A History of Wine in America, Volume 1: From the Beginnings to Prohibition
by Thomas Pinney (University of California Press, $38.95)
A History of Wine in America, Volume 2: From Prohibition to the Present
by Thomas Pinney (University of California Press, $38.95)
The first volume of Thomas Pinney’s magnum opus, A History of Wine in America, was published in 1989. It took him another 16 years to complete the second volume, and it’s understandable why. Combined, these two books are the vinous equivalent of Braudel’s historical tome Civilization and Capitalism or Churchill’s History of the English-Speaking Peoples. Pinney’s paean to American wine is sweeping, stirring, comprehensive, and insightful. It’s all the more impressive that he penned these volumes as a professor of English and not as a wine industry insider; perhaps that’s why they’re so academically rigorous.
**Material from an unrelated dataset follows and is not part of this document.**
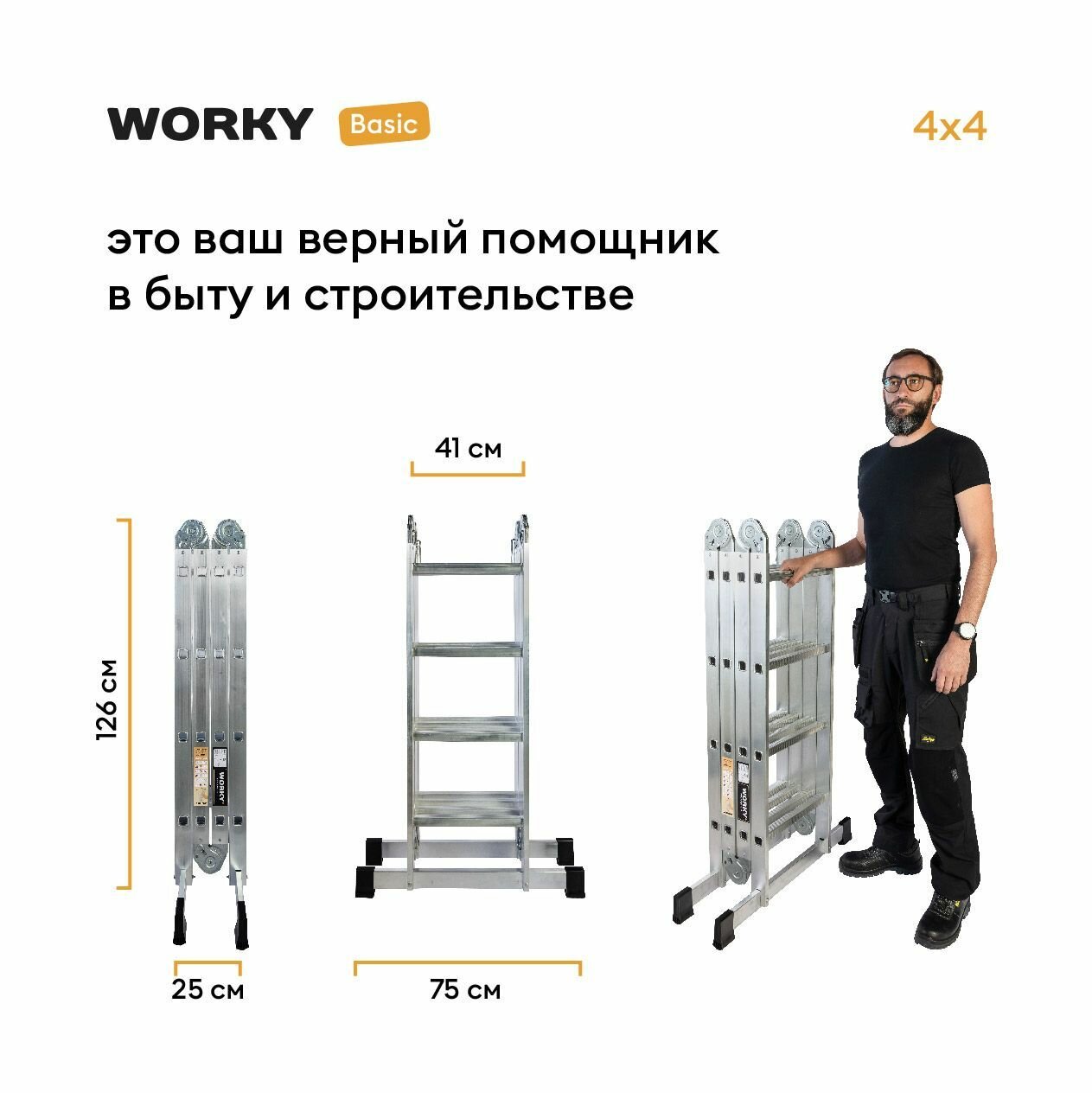 Купить Лестница-стремянка 4х4 трансформер WORKY Basic, высота 4,8м
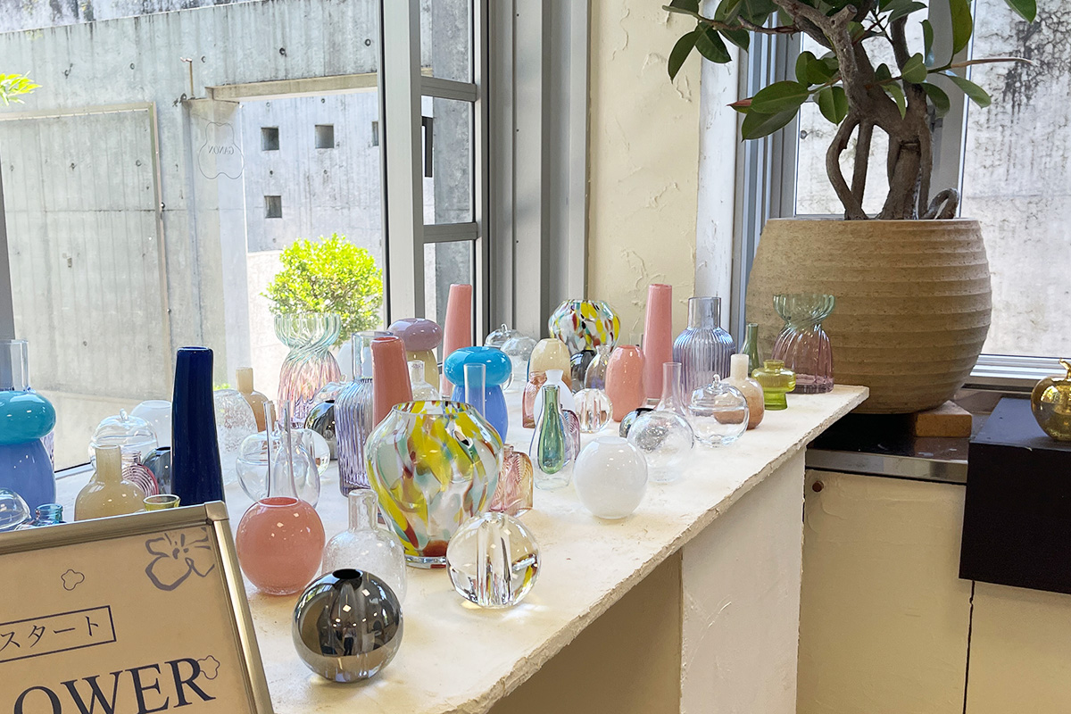 ショップ内では大小さまざまなかわいらしい花瓶が販売されているので、お家に帰ってからも思い出をきれいに飾ることができそうですね。

Every chapter is digestible on its own, whether it’s about Frank Schoonmaker’s influence on wine quality during World War II (Chapter 6 in Volume 2) or Thomas Jefferson’s role in the establishment of serious winegrowing in the 19th century (Chapter 5 in Volume 1). If Ken Burns were to make a 12-part documentary on the history of American wine, these books would serve as its backbone.
Scott Rosenbaum is a spirits strategist for the New York–based importer and distributor T. Edward Wines. He is also an adjunct professor at New York University and Hudson County Community College, where he lectures on the history of alcohol and food.